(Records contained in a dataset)
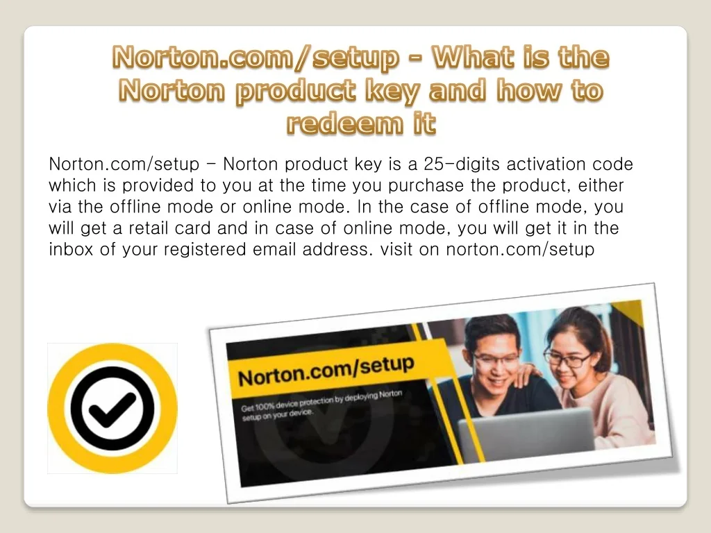 Norton.com/setup - Norton product key is a 25-digits activation code which is provided to you at the time you purchase the product, either via the offline mode or online mode. In the case of offline mode, you will get a retail card and in case of online mode, you will get it in the inbox of your registered email address. visit on norton.com/setup
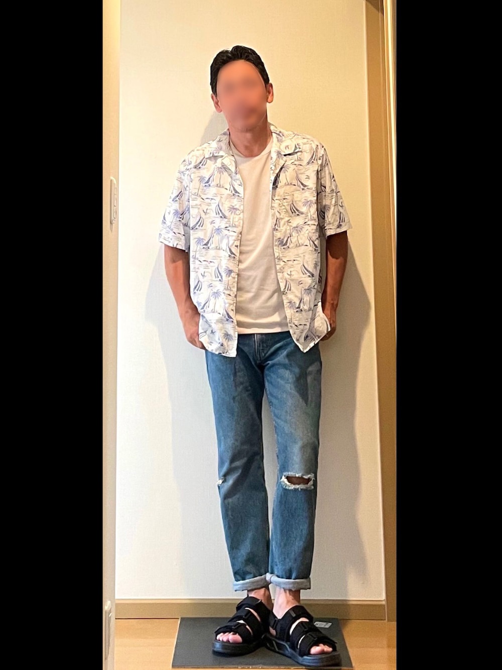 レインスプーナーのシャツにダメージデニムを合わせて、久々にカジュアル100% お盆休みに甥っ子と格闘してやるコーデですっ
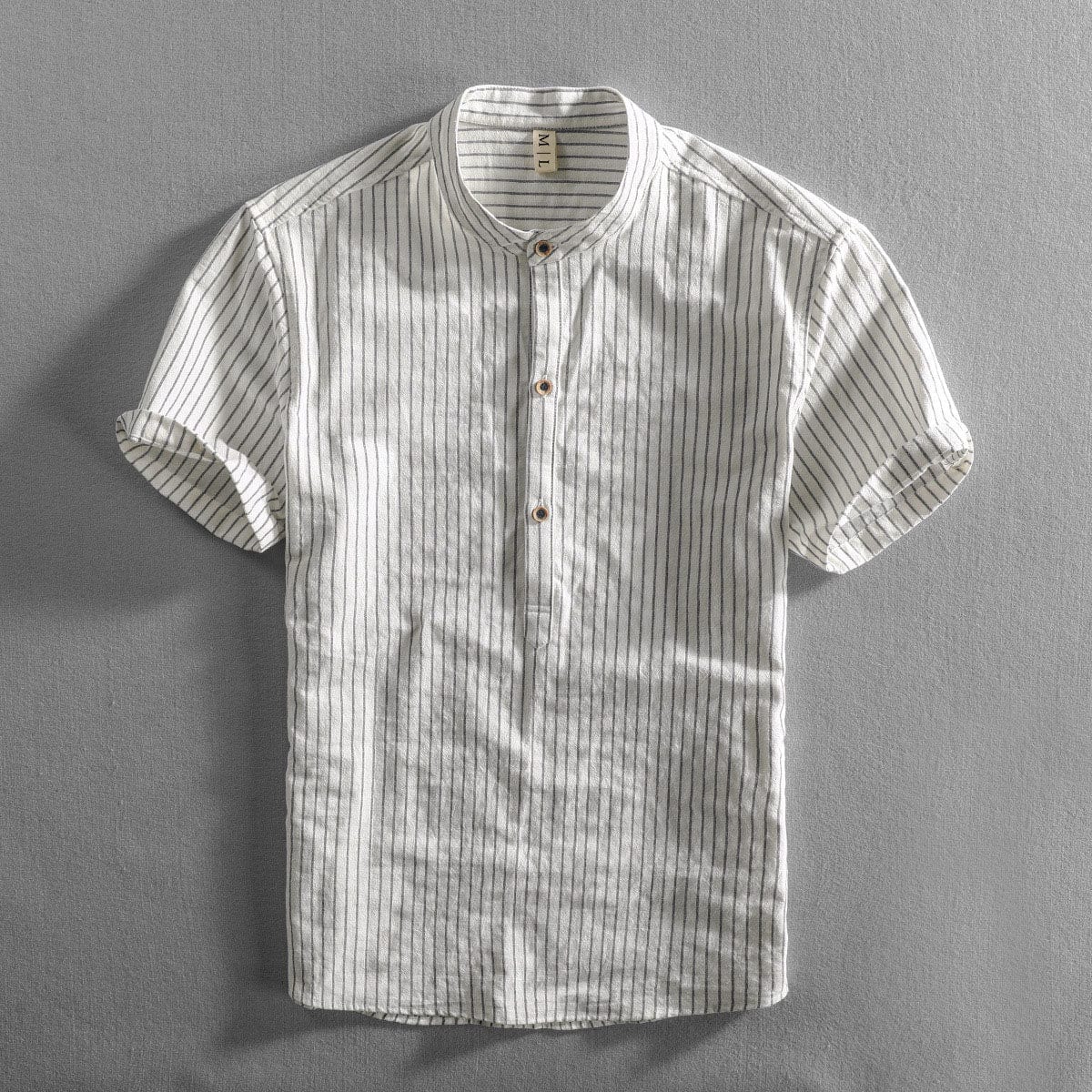 Entdecken Sie die perfekte Mischung aus Komfort und Stil mit dem Polo-Leinenhemd von Michele Harding. Das Hemd aus atmungsaktivem Baumwollstoff verfügt über einen stilvollen geknöpften Stehkragen und kurze Ärmel, die es zu einem vielseitigen Teil für jede Sommergarderobe machen. Die lockere Passform und das charmante Streifendesign, das in verschiedenen Farben erhältlich ist, sorgen dafür, dass Sie mühelos Gelassenheit ausstrahlen, wo immer Sie hingehen.
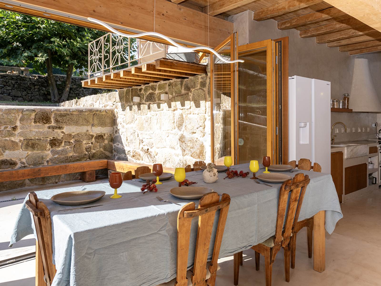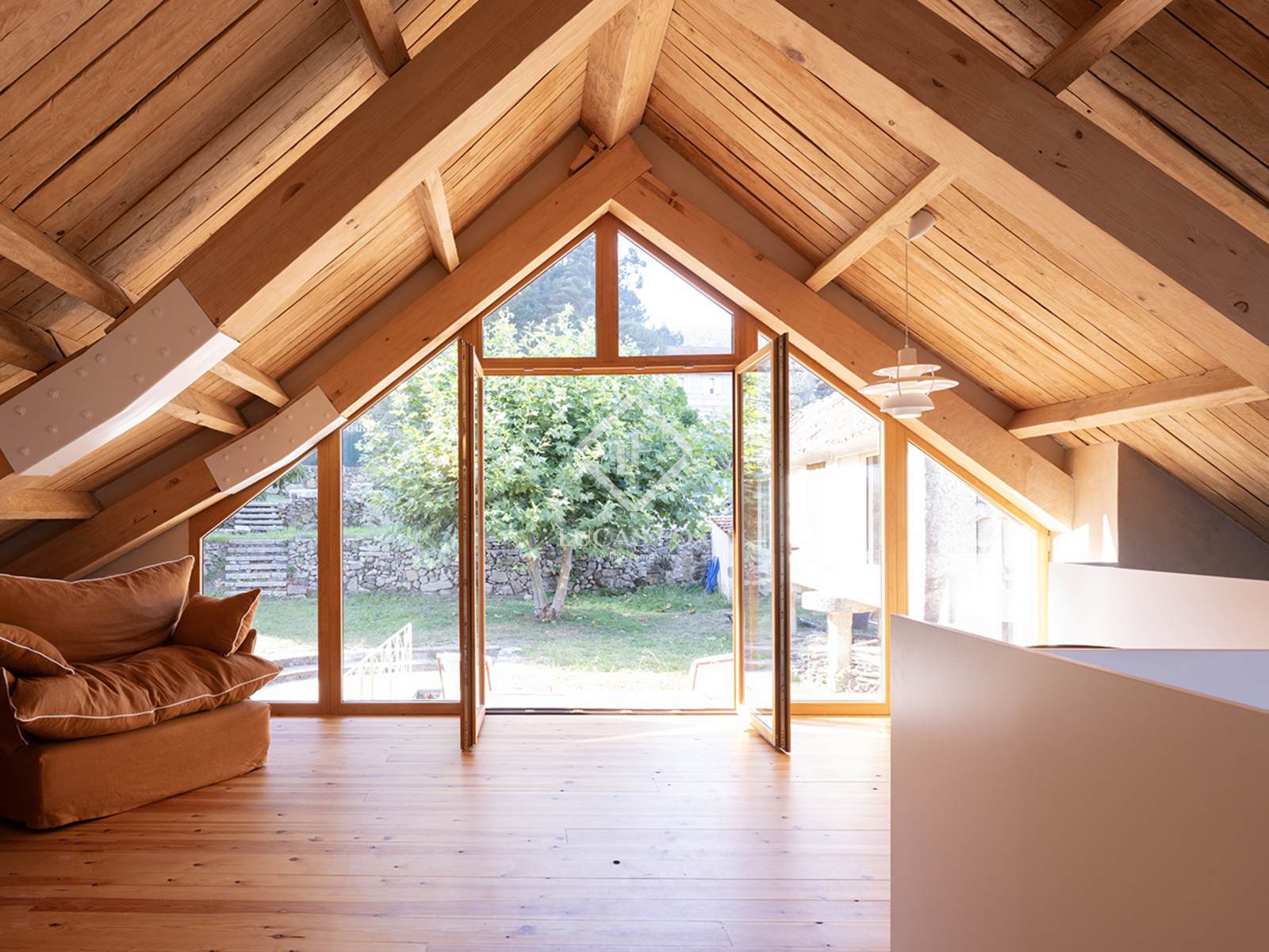 Ao entrar pela porta principal no térreo, nos deparamos com uma sala de jantar aberta que leva à cozinha, que combina um visual moderno com mármore, madeira e um grande fogão, criando um clima de cozinha campestre. O piso de madeira maciça e o teto aberto revelam as vigas originais. Virando à direita da cozinha, há uma ampla sala de estar aberta, com janelas voltadas para o sul, com vista para o estuário de Pontevedra e a ilha de Tambo.
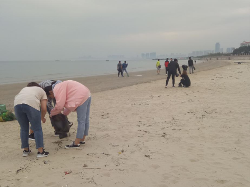 下午两点,志愿者们在青志干事的带领下,共同前往学校东边到黄海明珠附近海域,开展美化活动。志愿者分两组按规划线路捡拾垃圾,并将其分类,具体包括废纸、果皮、易拉罐等。最后,志愿者们将分类后的垃圾放进附近垃圾回收站,用实际行动为海边增添了一份光亮,一份清新,为环保出一份力量。
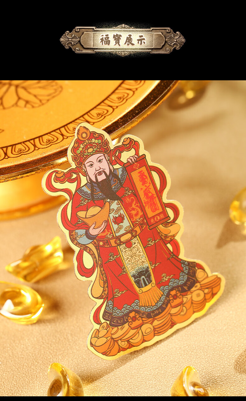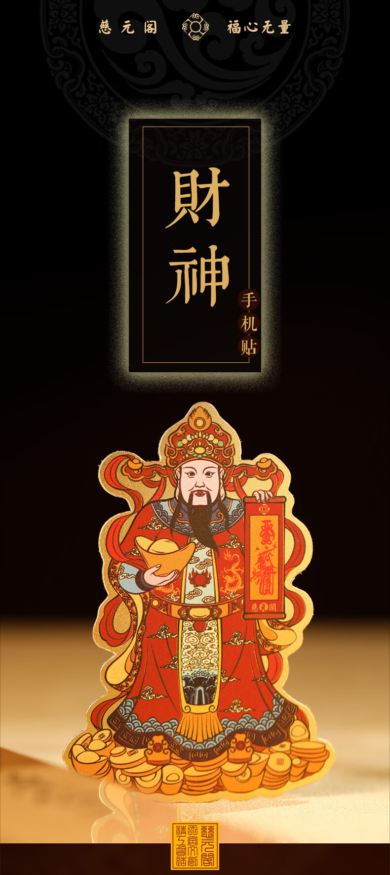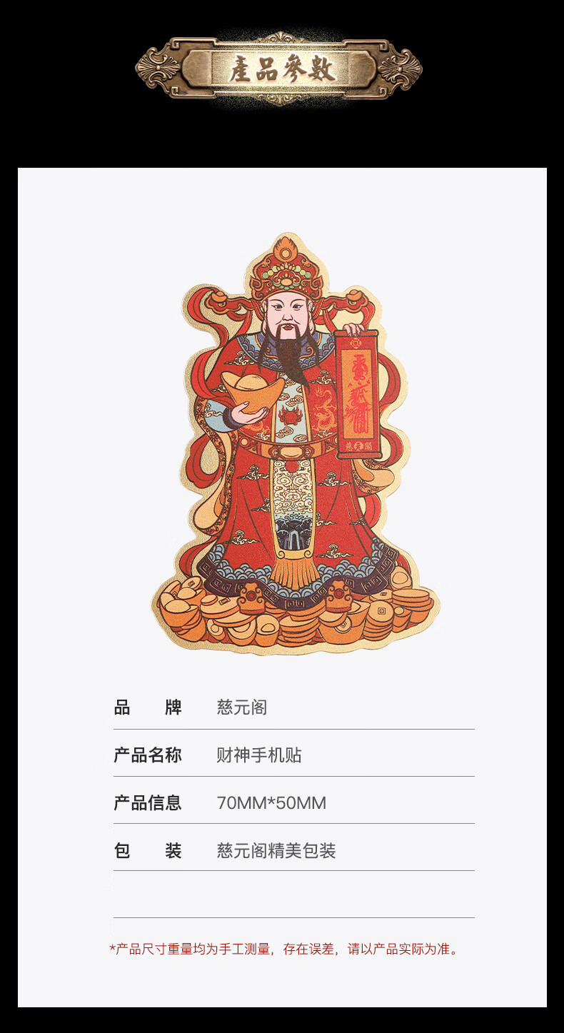 慈元阁原创彩绘财神手机贴复古招财元宝男女手机壳装饰品随身配饰送父母 彩绘财神手机贴
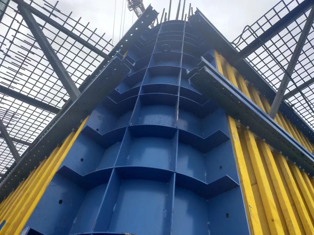 为开辟施工空间,项目自主研发了非钢管落地支撑体系的新型全封闭液压爬模系统,将液压爬模的支点从地面转移到柱体,充分利用了既有结构,最大限度让出施工组织空间。同时全封闭液压爬模系统也在最大程度上保障了施工人员安全。
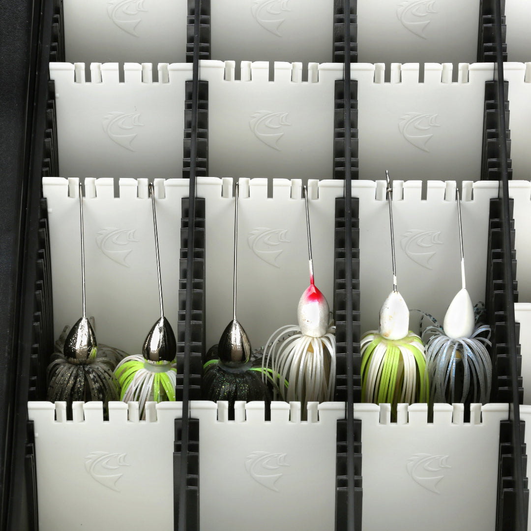 Engineered specifically to solve the issue of entangled baits in your tray. The 3700 Ballistix Hangr Tackle Management Box is finally the solution for maximizing bait capacity and eliminating the struggle of entangled baits. Not limited to treble hooked baits, the Hangr’s patent-pending notched divider allows for spinnerbaits, buzzbaits and even bladed jigs to be held securely in place. No longer will you go to grab a lure and pull out a tangled mess of lures. Finally, there is a do-it all tackle solution that makes sense.
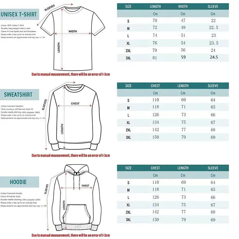 Welcome to My store.If you are looking for soft, comfy, first-rate shirts, you're in the right place!I love what I do and strive to make your shopping experience just right for you.If you have any questions, concerns, need to custom design, or choose another color on my products, feel free to send a message anytime. The highlight of this product is the images printed on the tshirt using advanced digital printing technology. These images are not embroidered but are printed directly on the fabric, so they do not peel off or fade over time - 5.3 oz./yd² (US) 8.8 oz./L yd (CA), 100% cotton - Ash Grey is 99/1 cotton/polyester - Safety Green is compliant with ANSI / ISEA 107 high-visibility standards - Classic width, rib collar - Taped neck and shoulders for comfort and durability Proud member of the U.S. Cotton Trust Protocol Made with OEKO-TEX-certified low-impact dyes RETURNS OR EXCHANGES All of our shirts are custom printed so we do not accept returns or exchanges due to the sizing so please make sure you take all the steps to ensure you get the size you are wanting. However, if there are any issues with the shirt itself, please message us and we'd be happy to help correct the error. PRODUCTION AND SHIPPING Production: 1-2 days Standard Shipping : 3-6 business days after production time
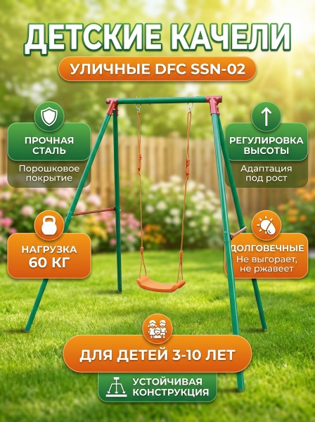 Уличные качели DFC SSN-02 - ДоставкаДоставка по Санкт-Петербургу: бесплатно, 2-3 дня Доставка по России: стоимость уточняйте у оператора. Уличные качели DFC SSN-02 - Отзывы5.0

**What to do**
The answer must consist only of the lines from the beginning of the entries above through the line that holds "Engineered specifically to", reproduced exactly and without pictures.

**Answer for this exercise**
 Norton.com/setup - Norton product key is a 25-digits activation code which is provided to you at the time you purchase the product, either via the offline mode or online mode. In the case of offline mode, you will get a retail card and in case of online mode, you will get it in the inbox of your registered email address. visit on norton.com/setup
 レインスプーナーのシャツにダメージデニムを合わせて、久々にカジュアル100% お盆休みに甥っ子と格闘してやるコーデですっ
 Entdecken Sie die perfekte Mischung aus Komfort und Stil mit dem Polo-Leinenhemd von Michele Harding. Das Hemd aus atmungsaktivem Baumwollstoff verfügt über einen stilvollen geknöpften Stehkragen und kurze Ärmel, die es zu einem vielseitigen Teil für jede Sommergarderobe machen. Die lockere Passform und das charmante Streifendesign, das in verschiedenen Farben erhältlich ist, sorgen dafür, dass Sie mühelos Gelassenheit ausstrahlen, wo immer Sie hingehen.
 Ao entrar pela porta principal no térreo, nos deparamos com uma sala de jantar aberta que leva à cozinha, que combina um visual moderno com mármore, madeira e um grande fogão, criando um clima de cozinha campestre. O piso de madeira maciça e o teto aberto revelam as vigas originais. Virando à direita da cozinha, há uma ampla sala de estar aberta, com janelas voltadas para o sul, com vista para o estuário de Pontevedra e a ilha de Tambo.
 下午两点,志愿者们在青志干事的带领下,共同前往学校东边到黄海明珠附近海域,开展美化活动。志愿者分两组按规划线路捡拾垃圾,并将其分类,具体包括废纸、果皮、易拉罐等。最后,志愿者们将分类后的垃圾放进附近垃圾回收站,用实际行动为海边增添了一份光亮,一份清新,为环保出一份力量。
 慈元阁原创彩绘财神手机贴复古招财元宝男女手机壳装饰品随身配饰送父母 彩绘财神手机贴
 为开辟施工空间,项目自主研发了非钢管落地支撑体系的新型全封闭液压爬模系统,将液压爬模的支点从地面转移到柱体,充分利用了既有结构,最大限度让出施工组织空间。同时全封闭液压爬模系统也在最大程度上保障了施工人员安全。
 Engineered specifically to solve the issue of entangled baits in your tray. The 3700 Ballistix Hangr Tackle Management Box is finally the solution for maximizing bait capacity and eliminating the struggle of entangled baits. Not limited to treble hooked baits, the Hangr’s patent-pending notched divider allows for spinnerbaits, buzzbaits and even bladed jigs to be held securely in place. No longer will you go to grab a lure and pull out a tangled mess of lures. Finally, there is a do-it all tackle solution that makes sense.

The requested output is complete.